My little sister of 6 years old spoke out to my mother. Well as you can imagine this caused so much upheaval for all of us. Social services removed him immediately as he admitted to the abuse. Social services wanted my parents to consent to us being examined by a police surgeon but my parents felt that we had been through enough. Social services then left us high and dry. It was later disclosed that there had been allegations that he had done this before.

Skip forward a few years. At age 11 I received child counselling which was not very helpful for me as I was unwilling to engage and open up.

I was severely bullied at school and opened up to a friend about what truly happened to me. The next day I went to school everyone knew. I was called a whore a cock tease and many other things. The worst thing was someone told me I deserved it and I should die.

This led eventually to me taking an overdose at 13. I was put in a unit and so called experts told my family I was an attention seeker.

I returned to school where people who taunted me suddenly apologised to me. It was too little too late.

I left school and tried to carry on with my life knowing that at age 9 I was raped.

Fast forward 12 years and I met my husband. I finally faced my fears and had a year of sexual abuse counselling which helped me to come to terms and grieve for my lost childhood.

A few months ago at the age of 39 I found a public enquiry that was looking in to failings in the social services in the UK.

I wrote them an account of what happened and the police have started an investigation.

My parents however are not keen on the idea of opening up old wounds. Myself on the other hand needs to have closure. The investigation is on going at this time.

Now as you can imagine this has taken a very big toll on my mental health for which I have saught therapy and CBT which has given me the tools to cope.

Now recently in the past few weeks I got very heavily in to world politics and was very disturbed to find that Neoliberalism was happening right in front of our eyes yet no one connected the dots. I did and took to Twitter and Facebook to open people's eyes to what's truly been happening.

My family decided that I've lost the plot by warning them what I had done.

So they enlisted a mental health crisis team who with my families support sectioned me.

I was removed from my home and dragged to Swindon for assessment. Following that I was moved to the Long Fox unit for observation.

I was so scared I tried to escape twice but was dragged by my arms back to my room. Now these people had no idea about my physical health and disability and completely ignored my requests for them to look in to it.
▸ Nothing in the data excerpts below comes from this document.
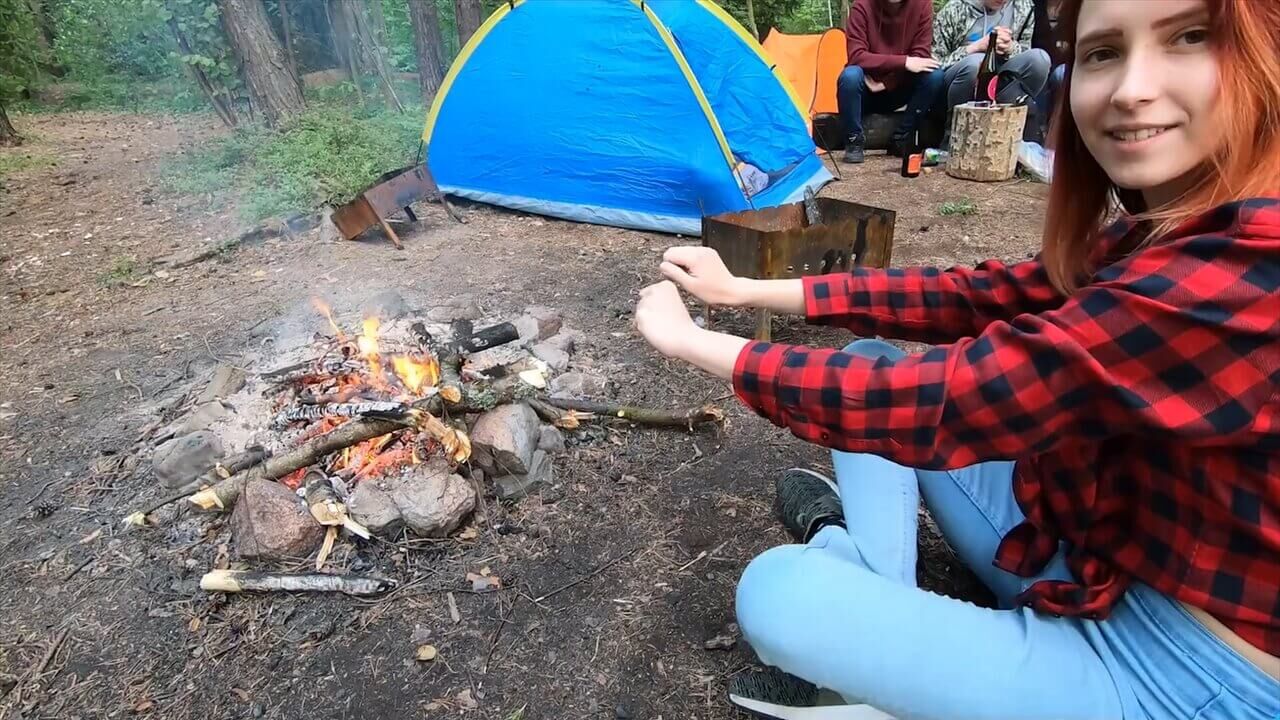 Секс с превосходной попкой в лесу у костра на природе...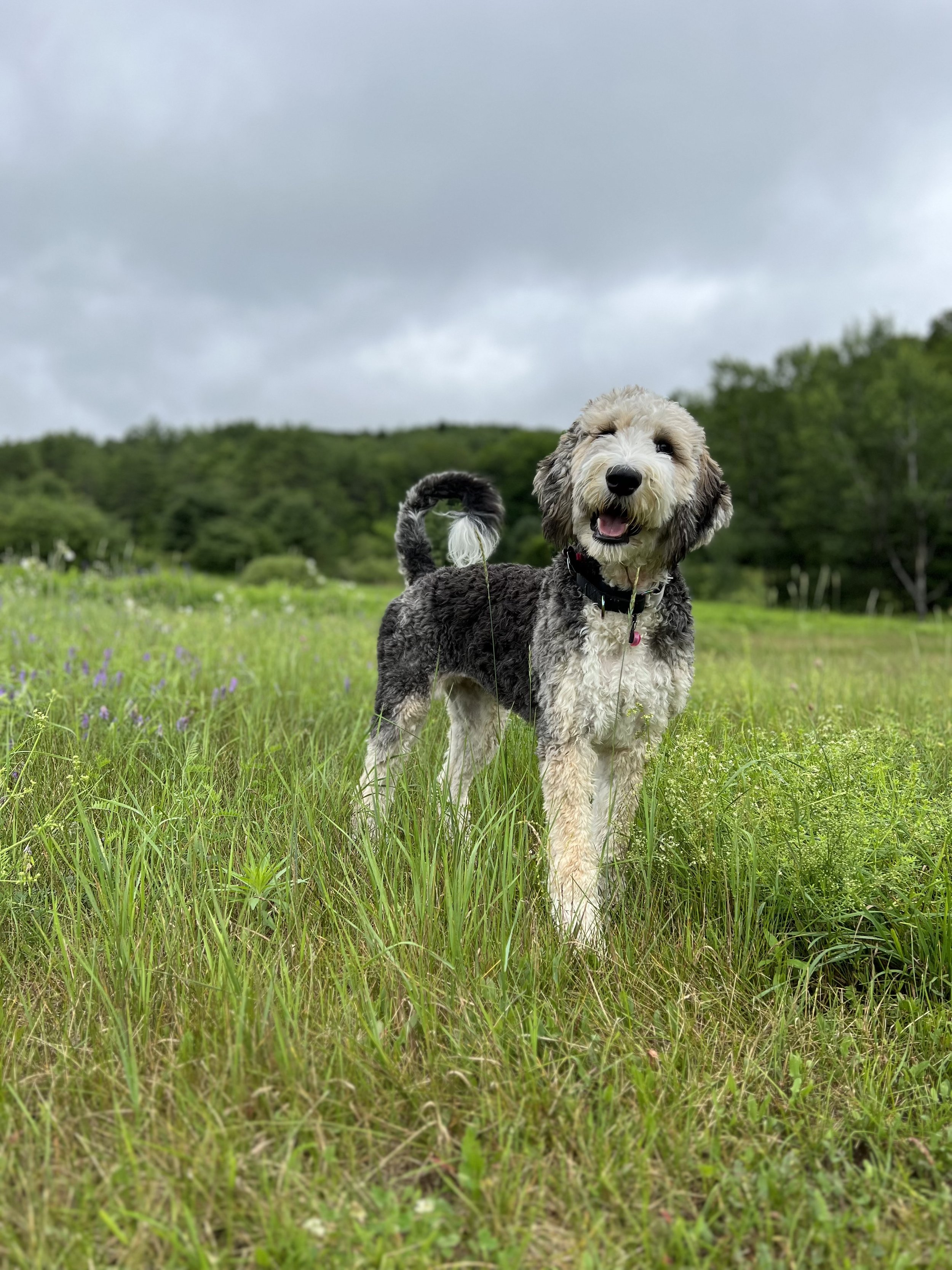 DANTE (Pictured above) is a beautiful Bernedoodle. He is the love of his guardian homes life. Dante goes everywhere with them. He lives in NH with his guardian home family and can be seen around Keene on the trails headed to town for a pastry and coffee. Dante is a love bug and is super friendly to any and all that he meets. He adores children and other dogs and is up for a good game of fetch if anyone wants to play. He is a faithful companion with no need for a leash. Dante has excellent eye contact a great eagerness to please and was very easy to train. We anticipate him passing that on to his puppies.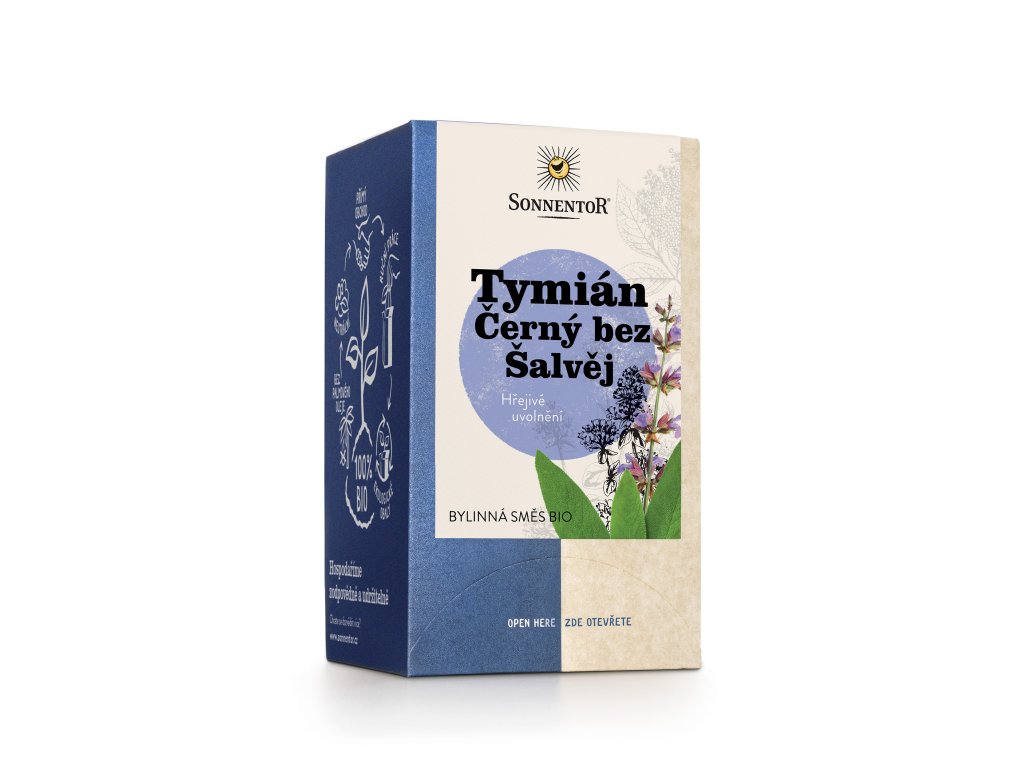Černý bez květ bio (47%), Tymián bio (36%), Šalvěj bio (17%)

I became very vocal and for my troubles I had six nurses using pressure point pain techniques to pin me down and heavily sedate me for 24 hours to keep me quiet.

My own family are still against me. Saying they did it out of love. I strongly disagree. Their motives are still not clear. I'm living every day in fear because of their actions.
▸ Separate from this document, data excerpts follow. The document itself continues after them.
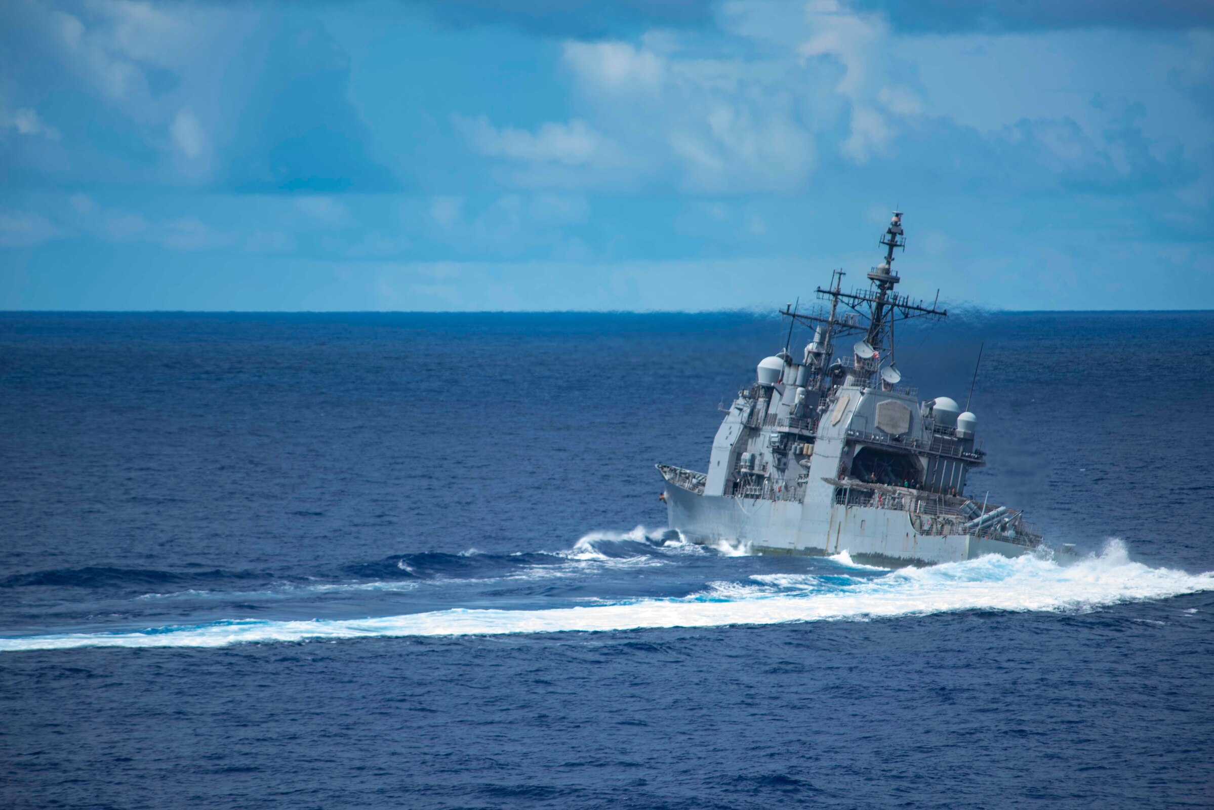 PHILIPPINE SEA (Sept. 29, 2020) The guided-missile cruiser USS Antietam (CG 54) steams ahead during an air power demonstration, showcasing firepower capability and maneuverability while at sea in the Indo-Pacific region. Events included formation flybys, high-speed aerial turns and rocket shoots by aircraft attached to Carrier Air Wing (CVW) 5, and a 5-inch gun shoot from Antietam. CVW-5 is currently embarked on the Navy’s only forward-deployed aircraft carrier USS Ronald Reagan (CVN 76). Ronald Reagan, the flagship of Carrier Strike Group 5, provides a combat-ready force that protects and defends the United Sates, as well as the collective maritime interests of its allies and partners in the Indo-Pacific region. (U.S. Navy photo by Mass Communication Specialist 3rd Class Quinton A. Lee)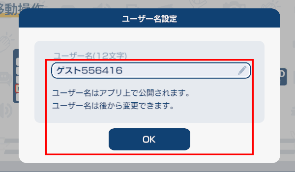 ユーザー名の欄に任意の名前を入力後、OKを押してください。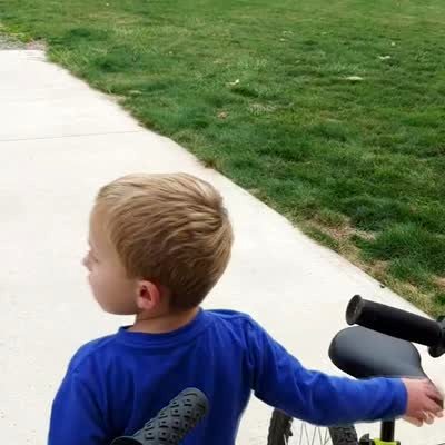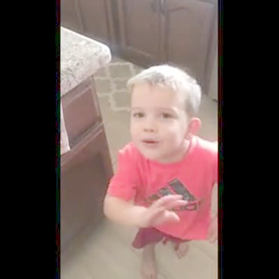 A tot boy pretends he's going to work, until he hears his mom mention bacon.

Thankfully I had the help of a great advocate who gave me the strength to challenge my section which was overturned without a tribunal.

I am now home but none of the people in my immediate family trust me or want to actually re engage with me.

My own mother is so mentally disturbed and deluded herself that she thinks I'm the problem.

So to end this post I will say this Just have faith in yourself. Don't listen to family. Or even some experts. I've been treated as a condition not a whole person. This has to stop as it's very barbaric and actually borderline discrimination of my disabled rights and human rights.

The system is not fit for purpose and the laws and NHS and social services has to change quickly. I was hurt badly in hospital and was in pain for days.

I had to beg for my strong pain relief and actually just gave up asking for help.

My husband initially ignored me and we are just reconnecting now. Our relationship will never be the same as the trust I had in him has gone.

I wont ever trust my close family either as they were complicit in all that's happened to me.

We all have a choice. Stand up and fight. Use your voice. Protest etc. Or we can be cowards like my family and lock away the trouble maker.

I will not tolerate this from anyone anymore!!